Нельзя сказать, чтобы Захарий был бесхребетным человеком. Кроме бригадиров, в секции он любого мог окоротить. Однако в обычной жизни оставался тихим и замкнутым.
Индивидуальный его лежачок в углу был оборудован для житья, с тщанием. Щит на козлах укреплен так, что не скрипел и не хлябал, и по низу закрыт «подолом» из старого тканьевого одеяла; и к стене полоска из одеяла прибита, причем прошитая в клетку синей и зеленой тесьмой; и сам лежачок занавеской отгорожен; и на тумбочке у него салфетка, и в тумбочке застелено бумагой, и даже над тумбочкой прибита гвоздочками мебельными репродукция из «Огонька» – «Рожь» Шишкина.

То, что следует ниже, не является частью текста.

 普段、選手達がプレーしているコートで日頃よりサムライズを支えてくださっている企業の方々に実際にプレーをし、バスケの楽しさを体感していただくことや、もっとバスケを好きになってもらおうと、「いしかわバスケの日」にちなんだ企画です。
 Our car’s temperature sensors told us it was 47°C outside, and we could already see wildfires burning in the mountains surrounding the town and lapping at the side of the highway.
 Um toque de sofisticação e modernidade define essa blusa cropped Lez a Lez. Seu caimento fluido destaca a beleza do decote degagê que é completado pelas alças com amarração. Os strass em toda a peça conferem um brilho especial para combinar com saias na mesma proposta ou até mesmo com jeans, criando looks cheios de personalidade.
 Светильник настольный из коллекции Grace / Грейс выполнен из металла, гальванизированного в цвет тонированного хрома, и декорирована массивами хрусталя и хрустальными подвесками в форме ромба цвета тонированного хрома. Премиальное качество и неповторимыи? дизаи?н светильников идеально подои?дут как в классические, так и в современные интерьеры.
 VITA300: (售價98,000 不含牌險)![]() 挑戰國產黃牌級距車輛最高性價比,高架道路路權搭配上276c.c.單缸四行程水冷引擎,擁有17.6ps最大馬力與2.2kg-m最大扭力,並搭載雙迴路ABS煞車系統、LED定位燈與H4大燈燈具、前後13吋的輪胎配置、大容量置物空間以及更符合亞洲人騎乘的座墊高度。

И одевался Захарий аккуратно. Не случалось так, чтобы что-то на нем было худое или без пуговицы. И брился аккуратно, не в бане – сам.

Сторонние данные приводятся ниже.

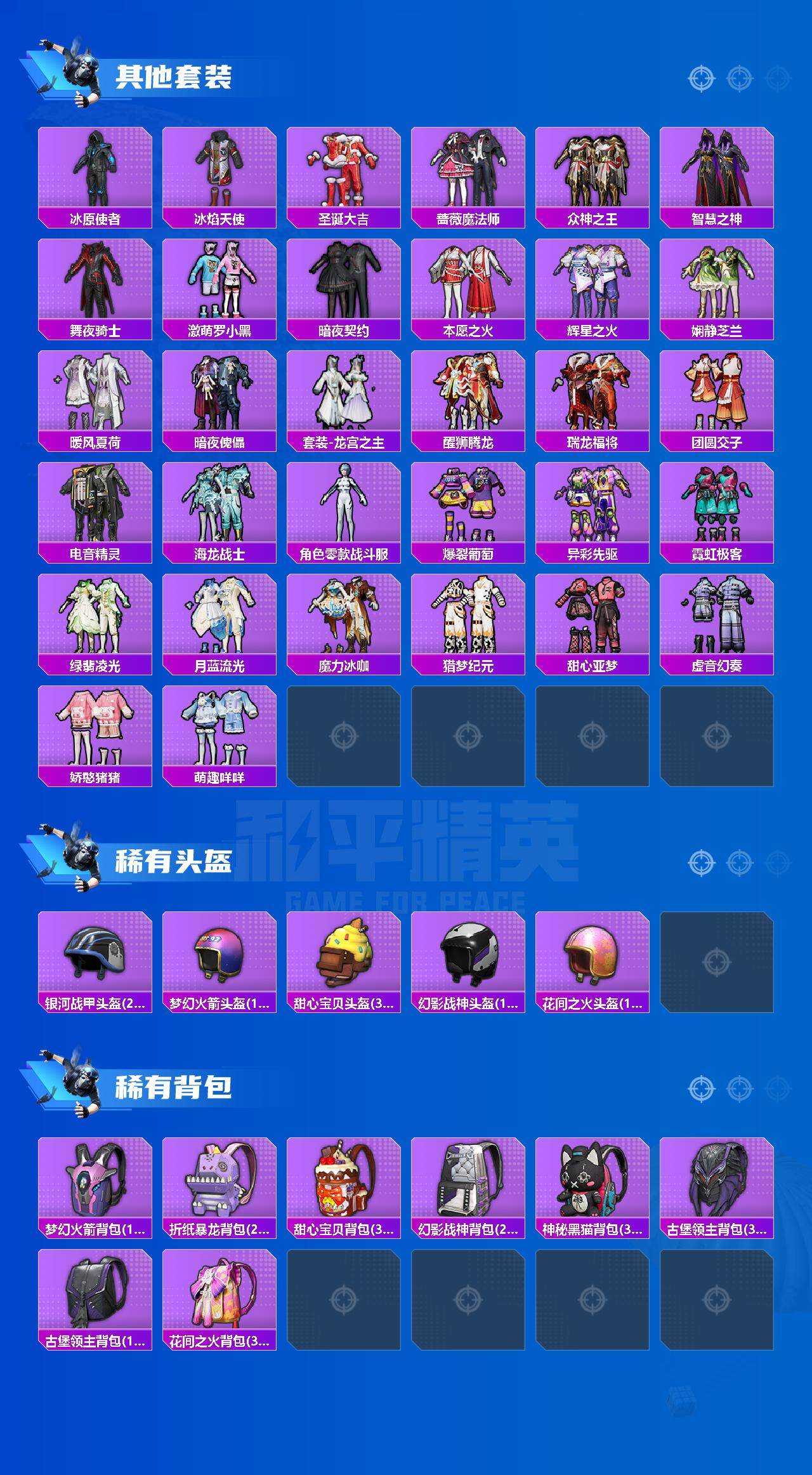 【稀有枪皮】:AUG-冰晶雪宝,AKM-彩虹符号,AKM-环太平洋,AKM-虎虎生威,AKM-霓虹街区,M16A4-甜心亚梦,M16A4-生命誓言,M16A4-红色方程式,M16A4-蓝色火焰,SCAR-L-炫彩节奏,SCAR-L-玉兔迎春,SCAR-L-红色方程式,SCAR-L-龙宫之主,M416-夜灯,M416-绯红前夜,M416-蓝色火焰,GROZA-异彩先驱,GROZA-生命誓言,GROZA-荧海星豚,AUG-天降萌叽,AUG-耀粉歌者,QBZ-彩虹符号,QBZ-潮汐统领,QBZ-绚金瑰梦,M762-牛气冲天,M762-瑞龙福将,Mk47-天之羽翼,G36C-暗夜玫瑰,AC-VAL-甜心亚梦,蜜獾-娇憨猪猪,ACE32-画境星梦,UZI-众神之王,UZI-娇憨猪猪,UZI-炫彩节奏,UZI-生命誓言,UMP45-夜灯,UMP45-生命誓言,UMP45-蓝色火焰,Vector-暗夜玫瑰,Vector-生命誓言,汤姆逊-天降萌叽,汤姆逊-异彩先驱,汤姆逊-环太平洋,汤姆逊-银刃赛罗,MP5K-众神之王,MP5K-异彩先驱,MP5K-画境星梦,Kar98K-深海曼妙,Kar98K-红色方

Даже если Захарий недомогал и по ночам в общем храпе приглушенно постанывал, у него все бывало в порядке: и чисто, и высушено, и в бачках горячая и холодная вода, и умывальник вымыт, и вода в умывальник налита, а зимой и печи без малого весь день топятся. Мало того, он еще и шить, и носки шерстяные крючком умел чинить. Смотришь: порет, режет, подгибает, перекраивает – не себе, а кому-то из мужиков. Словом, за двадцать лет человек наловчился: и швец, и жнец, и на дуде игрец.
Случалось, он вспоминал что-то из прошлого.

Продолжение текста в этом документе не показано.